'DDIA Reading Notes (Chapter 1): Reliability, Scalability, Maintainability'

DDIA reading group: we will share chapter by chapter, supplemented with some details based on my experience in distributed storage and databases in industry. Sharing roughly every two weeks—welcome to join. Schedule and all transcripts are here. We have a corresponding distributed systems & database discussion group; notifications will be sent before each session. To join, add my WeChat: qtmuniao, briefly introduce yourself, and note: Distributed Systems Group.

Chapter 1 is easily skipped because it is concept-heavy and tends to speak in generalities. Yet the three concepts it introduces are indeed unavoidable focal points when building systems.

P.S. The open-source Chinese translation is not very idiomatic in places, which can make for uncomfortable reading—though this is unavoidable in any translation.

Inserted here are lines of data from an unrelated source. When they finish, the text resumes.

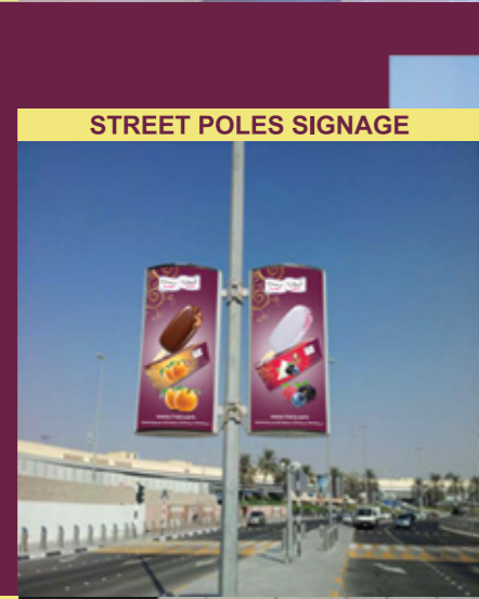
STREET POLES SIGNAGE
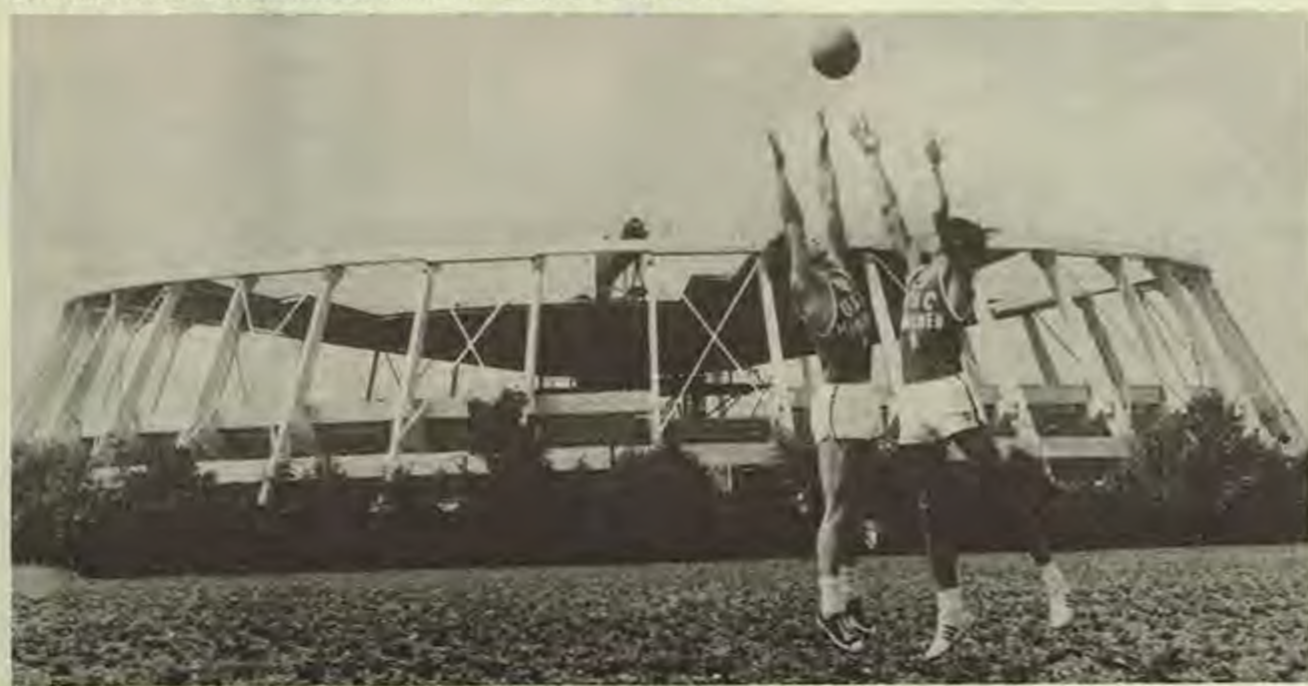
Баскетболната зала в Мюнхен, която побира 6360 зрители.
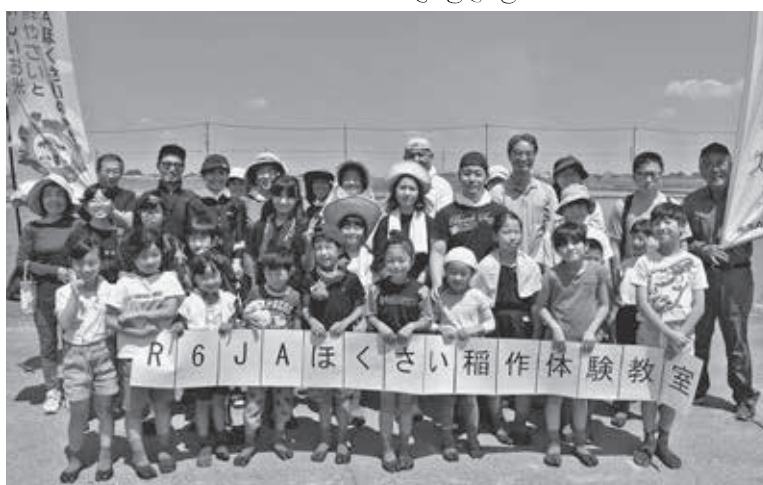
稲作体験教室の参加者
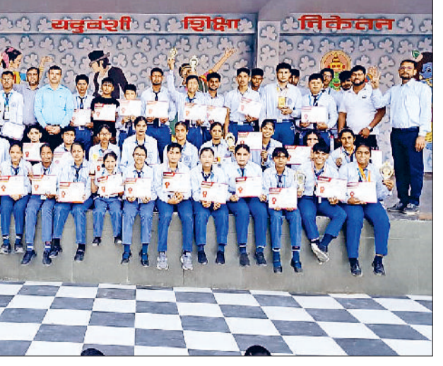
भिवानी। विजेता विद्यार्थियों को पुरस्कृत करते अतिथि।

हरिभूमि न्यूज ►► भिवानी यदुवंशी शिक्षा निकेतन मंदौला में सोमवार 27 अक्टूबर को पुरस्कार वितरण समारोह का आयोजन किया। इस अवसर पर उन विद्यार्थियों को सम्मानित किया, जिन्होंने रविवार 26 अक्टूबर को आयोजित यदुवंशी समूह की अंतर-विद्यालय प्रतियोगिताओं में उत्कृष्ट प्रदर्शन किया था। विजेता विद्यार्थियों को पुरस्कार एवं प्रमाण पत्र प्रदान कर सम्मानित किया। विद्यालय परिवार द्वारा सभी विद्यार्थियों का भव्य स्वागत किया। समारोह के दौरान विद्यालय प्रबंधन एवं शिक्षकों ने बच्चों और उनके अभिभावकों को हार्दिक बधाई और शुभकामनाएं दीं। सभी प्रतियोगिताएं 26 अक्टूबर को यदुवंशी समूह के विभिन्न
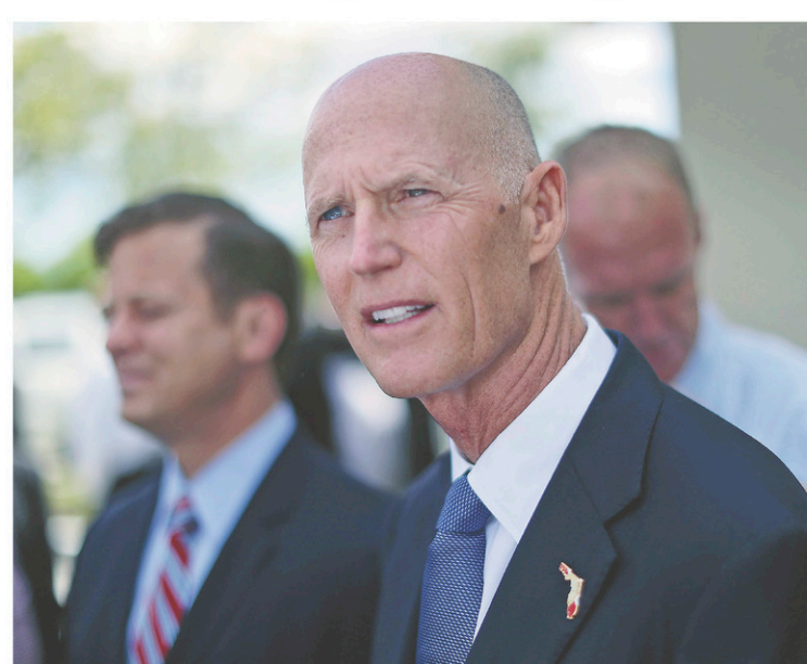
LE GOUVERNEUR DE LA FLORIDE, RICK SCOTT, S'EST RENDU À TALLAHASSEE.

Le Centre américain de surveillance des ouragans a annoncé qu'il y avait de fortes chances qu'une dépression tropicale dans le sud du golfe du Mexique se transforme en tempête tropicale tard dimanche soir ou tôt lundi matin. Elle se déplaçait à une vitesse d'environ huit kilomètres à l'heure et devait gagner en rapidité

Author: Muniao’s Notes https://www.qtmuniao.com/2022/02/19/ddia-reading-chapter1 — please indicate the source when reposting

Why This Book Takes Data Systems as Its Theme

Data system is a vague umbrella term. In the information society, everything can be informatized—or, to some extent, digitized. The collection, storage, and use of this data form the foundation of the information society. Most common applications are backed by a data system, e.g., WeChat, JD.com, Weibo, etc.

data-society.png

Therefore, as IT practitioners, it is necessary to systematically understand modern, distributed data systems. By studying this book, we can learn the principles behind data systems, understand common practices, and apply them to the systems we design at work.

Common Data Systems

Storing data for later reuse — database
Remembering the results of very “heavy” operations to speed up subsequent reads — cache
Allowing users to search by various keywords and filter data by various conditions — search engine
Continuously generating data and sending it to other processes for handling — stream processing
Periodically processing accumulated large volumes of data — batch processing
Transmitting and distributing messages — message queue

These concepts are so familiar that we use them directly when designing systems without thinking about their implementation details, let alone reimplementing them from scratch. Of course, this also shows how successful these abstractions are.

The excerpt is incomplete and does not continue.